Tuesday, October 20, 2015

Growing Pains

I live in a very rural area.  So rural that our County Councilmen have trouble reading tributes, perhaps written by others, at meetings honoring their citizens.  These Councilmen are educated, they just cannot read out loud...that includes at least three of the five officials.  Two of our Councilmen own liquor stores.  This is the path to political leadership in this county.   A few retired professionals from a more intellectual arena ran for office, but the big words they used frightened the voters, I guess.  This good-old boy majority leadership selection means our county struggles.

As I mentioned in a prior post, I lost my current doctor because she found working in this county too difficult.  They did not support medical service development and she had to send her patients out of county for specialized treatment.  She said five other doctors are thinking of following her.  We are limited in our selection already!

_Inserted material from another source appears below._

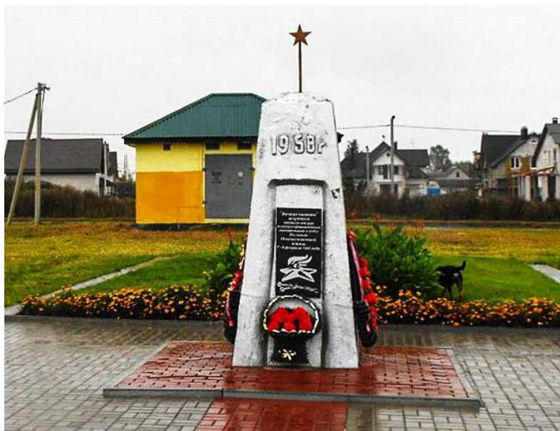
Могила жертв фашизма (место расстрела 3 тыс. мирных жителей), ул. Монахова.

A recent meeting of various groups on "smart growth" for my state resulted in this news report:

"In the spring of 2006, a self-proclaimed “unholy alliance” of developers, environmentalists, civic and academic leaders staged a series of reality checks around the state during conferences designed to stare future growth in the face.  The leaders gave each table of eight to 10 participants piles of colored Legos representing their likely share of the 1.5 million new residents projected to swell the state’s population from 5.5 million to 7 million by 2030. It would mean adding more than half a million new homes.  On a map of their region, each table had to place all of that new growth...
The idea was not to discourage growth. This state, like most states, avidly courts economic expansion, more jobs, more people. The Reality Check conference organizers hoped to promote “smart growth,” or to place as many Legos as possible around places where growth was planned and roads and sewers already existed, thus protecting farms, forests and undeveloped Bay shorelines.
It was nonetheless a sobering exercise as Legos piled higher and existing towns began looking like little Manhattans. You could hear sighs and mutterings: “The traffic’s already hell there” or “my pile fell over…there goes the countryside.”  An Eastern Shore contingent built a paper boat and set their Legos sailing toward a coastal city, which has been losing population since the 1950s.  It was a good laugh — maybe a good idea — but the directive was firm: Growth is coming your way and you must accommodate it."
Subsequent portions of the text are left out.